◆ Task goal ◆
Omit the pictures and return exactly the stretch of the material below from the line with "王朝霞期末模拟卷三年级下册数学(北师版)_R21080484000【8】" through the line with "천연기념물이자 이색 경마로".

◆ Records provided ◆
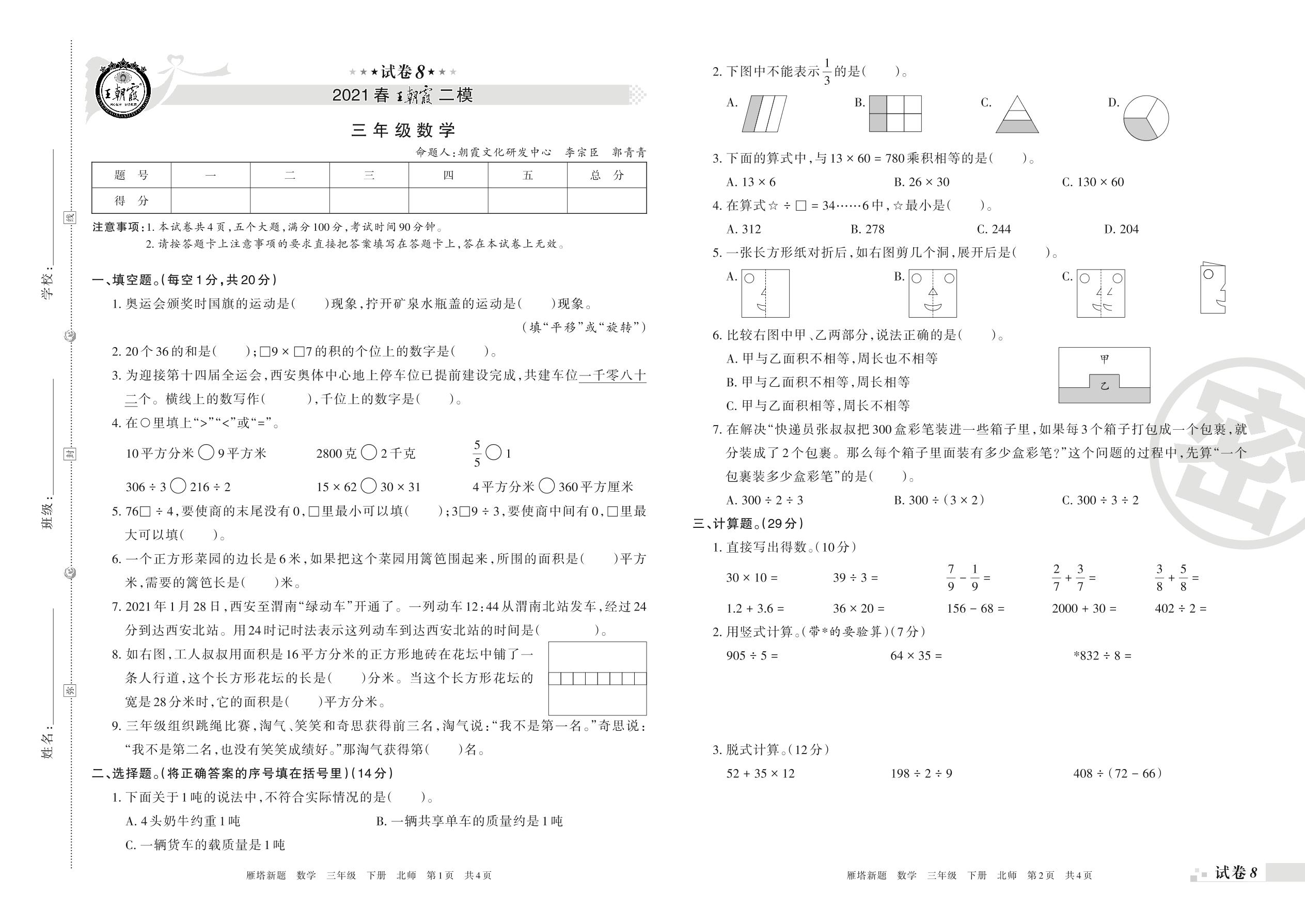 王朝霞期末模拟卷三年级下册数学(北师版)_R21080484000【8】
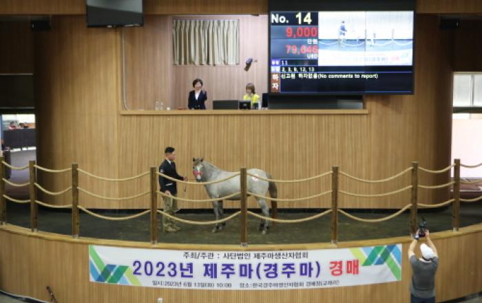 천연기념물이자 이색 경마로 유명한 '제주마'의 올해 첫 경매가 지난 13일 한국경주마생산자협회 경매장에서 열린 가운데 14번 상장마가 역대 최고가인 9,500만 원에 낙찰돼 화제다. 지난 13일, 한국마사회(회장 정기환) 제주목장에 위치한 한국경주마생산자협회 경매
---
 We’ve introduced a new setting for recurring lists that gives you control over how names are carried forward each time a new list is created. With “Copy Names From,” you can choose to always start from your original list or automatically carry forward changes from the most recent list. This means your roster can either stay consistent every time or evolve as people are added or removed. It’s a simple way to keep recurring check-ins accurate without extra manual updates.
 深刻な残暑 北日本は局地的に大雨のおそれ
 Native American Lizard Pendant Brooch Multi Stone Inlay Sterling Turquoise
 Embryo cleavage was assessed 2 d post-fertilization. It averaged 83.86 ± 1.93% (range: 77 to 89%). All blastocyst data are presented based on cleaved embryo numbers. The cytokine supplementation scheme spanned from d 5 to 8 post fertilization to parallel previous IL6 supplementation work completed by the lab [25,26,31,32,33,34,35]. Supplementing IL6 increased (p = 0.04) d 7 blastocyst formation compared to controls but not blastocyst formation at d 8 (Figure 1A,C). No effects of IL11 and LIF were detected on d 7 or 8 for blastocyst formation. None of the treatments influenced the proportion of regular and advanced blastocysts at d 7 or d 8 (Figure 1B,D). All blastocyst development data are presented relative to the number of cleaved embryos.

◆ Written solution ◆
 王朝霞期末模拟卷三年级下册数学(北师版)_R21080484000【8】
 천연기념물이자 이색 경마로 유명한 '제주마'의 올해 첫 경매가 지난 13일 한국경주마생산자협회 경매장에서 열린 가운데 14번 상장마가 역대 최고가인 9,500만 원에 낙찰돼 화제다. 지난 13일, 한국마사회(회장 정기환) 제주목장에 위치한 한국경주마생산자협회 경매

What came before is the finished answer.